Perché i nutrizionisti consigliano di mangiare più pesce in scatola

Perché i nutrizionisti consigliano di mangiare più pesce in scatola

Sardine, salmone, sgombro e altri pesci in scatola racchiudono una grande quantità di nutrienti essenziali e possono essere integrati facilmente in una dieta sana ed equilibrata.

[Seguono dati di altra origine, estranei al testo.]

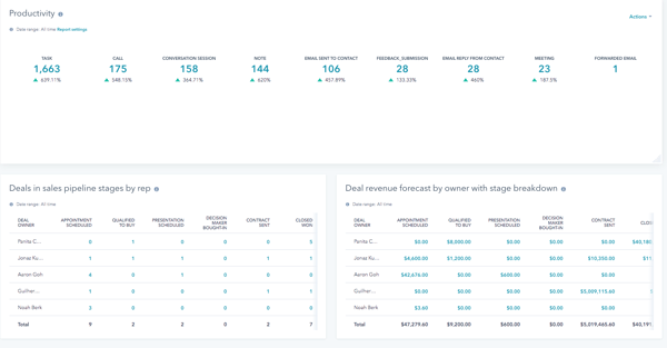 With HubSpot Sales, you can create customizable sales reports and dashboards to provide reps with visibility into their activity metrics and how those efforts are contributing to deal progression and pipeline generation.
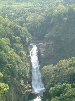 The three-tiered waterfall cascades down 55 meters into the Yunei Stream, a tributary of the Daxi River in northern Taiwan.

Gli esperti di nutrizione spesso preferiscono gli alimenti freschi e integrali a quelli trasformati, ma fanno un’eccezione quando si tratta di pesce in scatola. “Piuttosto che fornire singoli nutrienti isolati, si tratta di un alimento completo”, afferma il nutrizionista Colin Robertson, sottolineando la presenza di acidi grassi omega-3 e delle vitamine B12 e D presenti nei pesci grassi come le sardine, lo sgombro e le acciughe.

Oltre al tonno, al salmone e alle aringhe, anche queste varietà in scatola ad alto contenuto proteico e a basso contenuto calorico rappresentano una scelta pratica, afferma Sonal Haerter, assistente universitario e medico specialista in medicina interna presso la Creighton University. “Sono disponibili tutto l’anno e, se paragonati al pesce fresco, sono più convenienti”.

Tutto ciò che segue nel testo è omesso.